Dataset items:

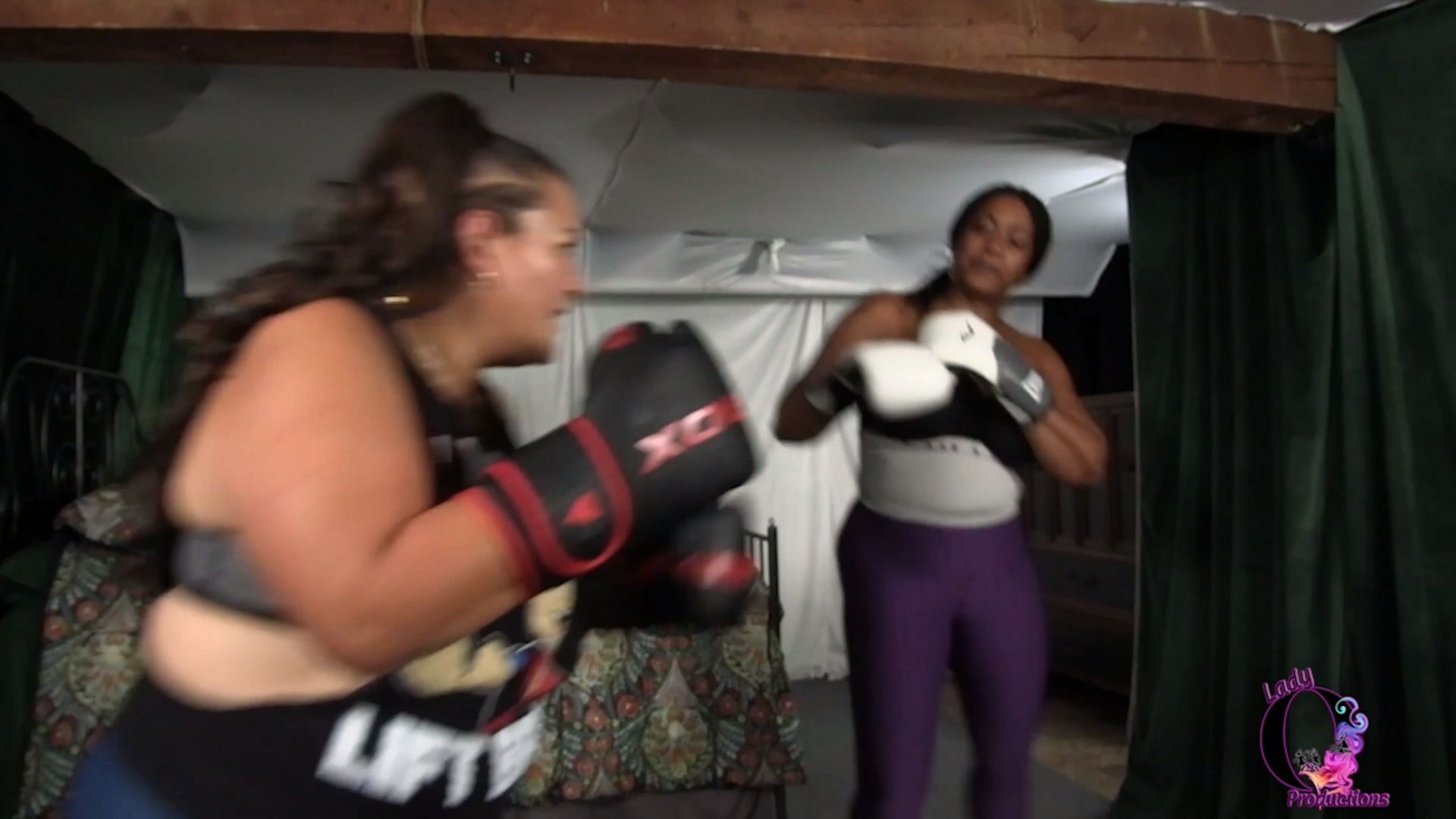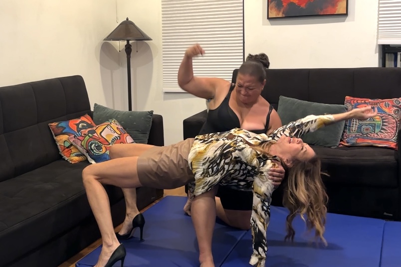 The Bruiser (played by Stacy Burke) is looking for the The Villainess (played by Jewell Marceau). The Bruiser (wearing her trademark blue thong one piece with black tights and black boots) has entered the lair of the Villainess and begins her search. The Villainess (dressed in black leather and fishnets) attacks as the heroine opens a door. The two combatants trade punches to the stomach, but the Bruiser appears helpless as the vile Villainess has harnessed the powers of all her victims and appears invincible! The poor Bruiser struggles and struggles to win, but it is pointless as she is subjected to leg scissors, headlocks, breast mauling, hair pulling, belly and breast punches, crotch mauling, wedgies, the rocking horse, and much, much more. Does the Bruiser recover or does she become yet another victim of the Villainess?
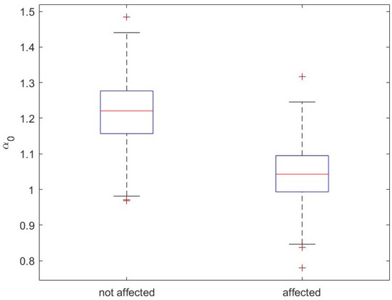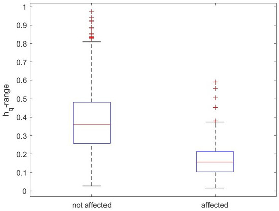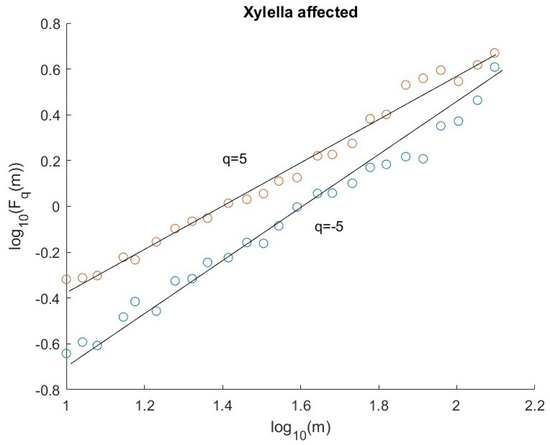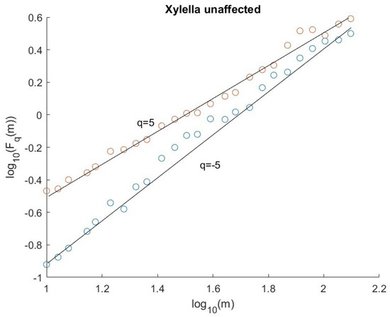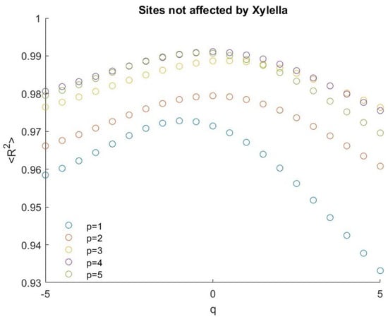 We applied the MFDFA to each residual pixel time series, varying the moment order q from −5 to 5 and the scale m from 10 to 1/4 of the length of the series. The gaps were eliminated by simply stitching together the two neighbors [28]. In order to select the optimum degree of the detrending polynomial, we calculated the fluctuation functions for each q for detrending polynomial degree . For each we computed the coefficient of determination of the linear fit of and analyzed the multifractality of those pixels, whose for any q, while those with for at least one value of q were discarded. Figure 6 and Figure 7 show the variation of (average of over all the selected pixels) versus q, for for the infected and not-infected areas, respectively; we can see that is relatively larger for for the areas not affected by Xylella fastidiosa, while it is the largest for for the affected areas. Thus, we analyzed the multifractality with and for the Xylella-affected and Xylella-not-affected areas, respectively. Moreover, with these values of p, the number of selected pixels is 989/996 for the infected area and 1005/1023 for the not-infected area. As an example, Figure 8 and Figure 9 show the fluctuation functions for and of two pixels, the first for an infected site and the other for an uninfected site. Figure 10, Figure 11 and Figure 12 show the boxplots of the multifractal parameters: -range, W, and .
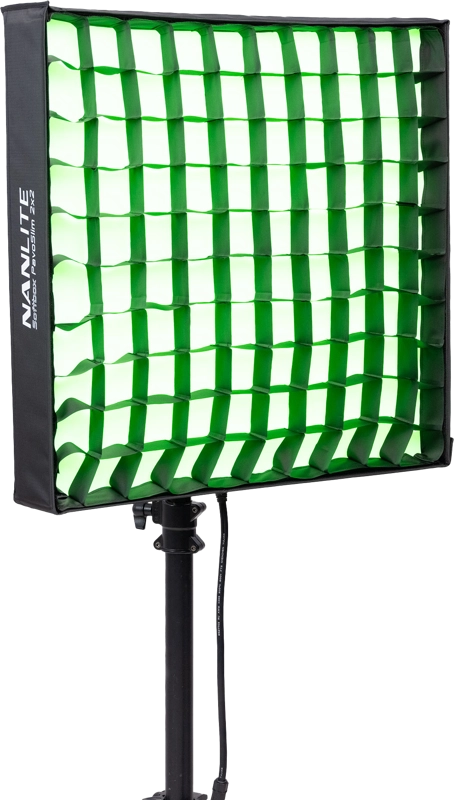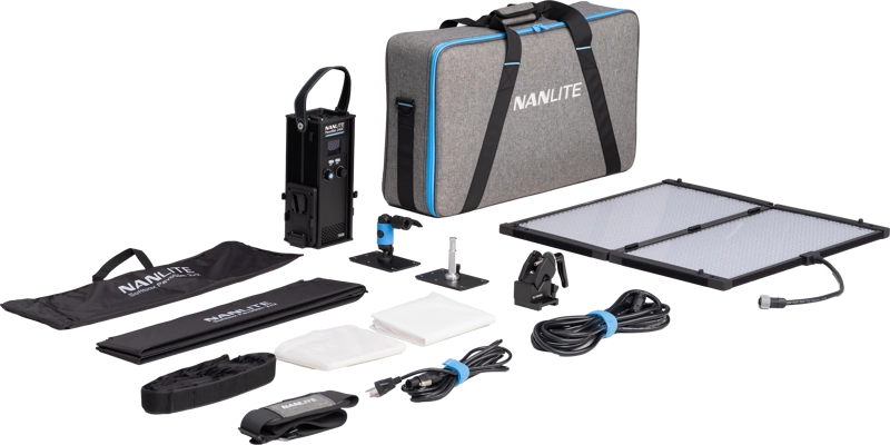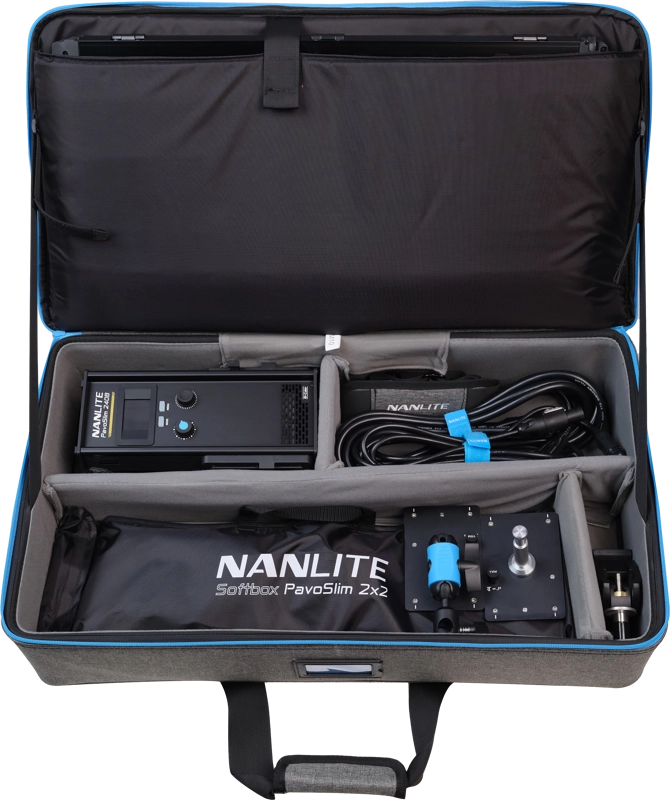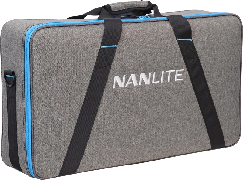 Panel dostarczany jest z dedykowanym składanym softboxem, który zapewnia miękkie, naturalne światło, oraz z wytrzymałą torbą transportową z przegrodami ułatwiającymi organizację. Całość została zaprojektowana z myślą o mobilności, wygodzie i szybkim wdrożeniu na planie.
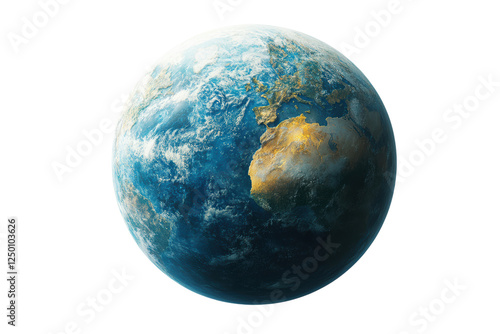 A stunning, realistic depiction of Earth showcasing its vibrant oceans, lush landmasses, and swirling clouds, symbolizing the beauty of our planet.
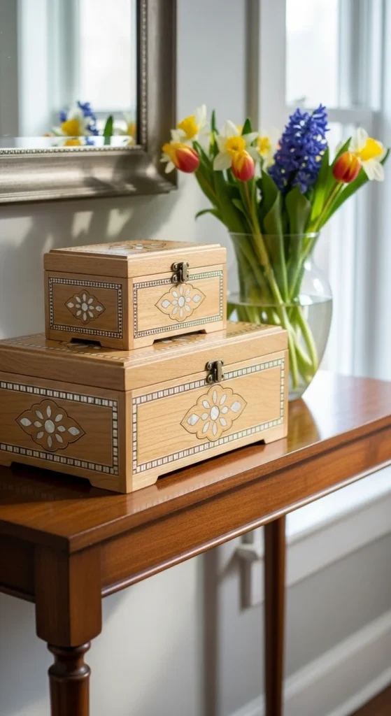 Light wood decor fits spring styling well. Trays, beads, or small frames work nicely and transition easily between seasons.
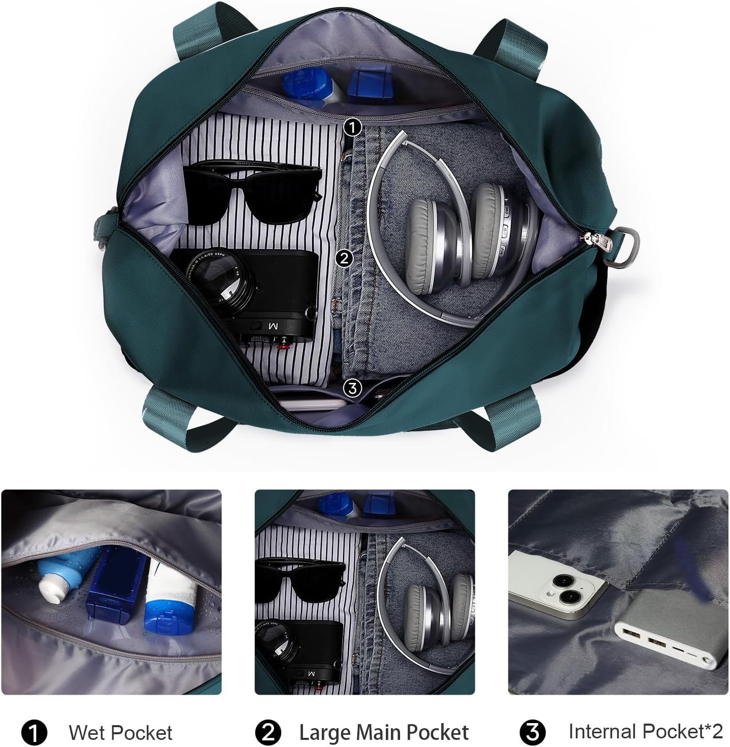 Travel Duffel Bag, Sports Tote Gym Bag, Shoulder Weekender Overnight Bag for Women
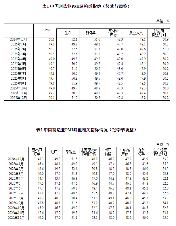 12月份,制造业采购经理指数(PMI)为50.1%,比上月上升0.9个百分点,升至扩张区间。

_TASK GOAL_. Retype each entry precisely. Skip images entirely.

_YOUR RESPONSE_.
 The Bruiser (played by Stacy Burke) is looking for the The Villainess (played by Jewell Marceau). The Bruiser (wearing her trademark blue thong one piece with black tights and black boots) has entered the lair of the Villainess and begins her search. The Villainess (dressed in black leather and fishnets) attacks as the heroine opens a door. The two combatants trade punches to the stomach, but the Bruiser appears helpless as the vile Villainess has harnessed the powers of all her victims and appears invincible! The poor Bruiser struggles and struggles to win, but it is pointless as she is subjected to leg scissors, headlocks, breast mauling, hair pulling, belly and breast punches, crotch mauling, wedgies, the rocking horse, and much, much more. Does the Bruiser recover or does she become yet another victim of the Villainess?
 We applied the MFDFA to each residual pixel time series, varying the moment order q from −5 to 5 and the scale m from 10 to 1/4 of the length of the series. The gaps were eliminated by simply stitching together the two neighbors [28]. In order to select the optimum degree of the detrending polynomial, we calculated the fluctuation functions for each q for detrending polynomial degree . For each we computed the coefficient of determination of the linear fit of and analyzed the multifractality of those pixels, whose for any q, while those with for at least one value of q were discarded. Figure 6 and Figure 7 show the variation of (average of over all the selected pixels) versus q, for for the infected and not-infected areas, respectively; we can see that is relatively larger for for the areas not affected by Xylella fastidiosa, while it is the largest for for the affected areas. Thus, we analyzed the multifractality with and for the Xylella-affected and Xylella-not-affected areas, respectively. Moreover, with these values of p, the number of selected pixels is 989/996 for the infected area and 1005/1023 for the not-infected area. As an example, Figure 8 and Figure 9 show the fluctuation functions for and of two pixels, the first for an infected site and the other for an uninfected site. Figure 10, Figure 11 and Figure 12 show the boxplots of the multifractal parameters: -range, W, and .
 Panel dostarczany jest z dedykowanym składanym softboxem, który zapewnia miękkie, naturalne światło, oraz z wytrzymałą torbą transportową z przegrodami ułatwiającymi organizację. Całość została zaprojektowana z myślą o mobilności, wygodzie i szybkim wdrożeniu na planie.
 A stunning, realistic depiction of Earth showcasing its vibrant oceans, lush landmasses, and swirling clouds, symbolizing the beauty of our planet.
 Light wood decor fits spring styling well. Trays, beads, or small frames work nicely and transition easily between seasons.
 Travel Duffel Bag, Sports Tote Gym Bag, Shoulder Weekender Overnight Bag for Women
 12月份,制造业采购经理指数(PMI)为50.1%,比上月上升0.9个百分点,升至扩张区间。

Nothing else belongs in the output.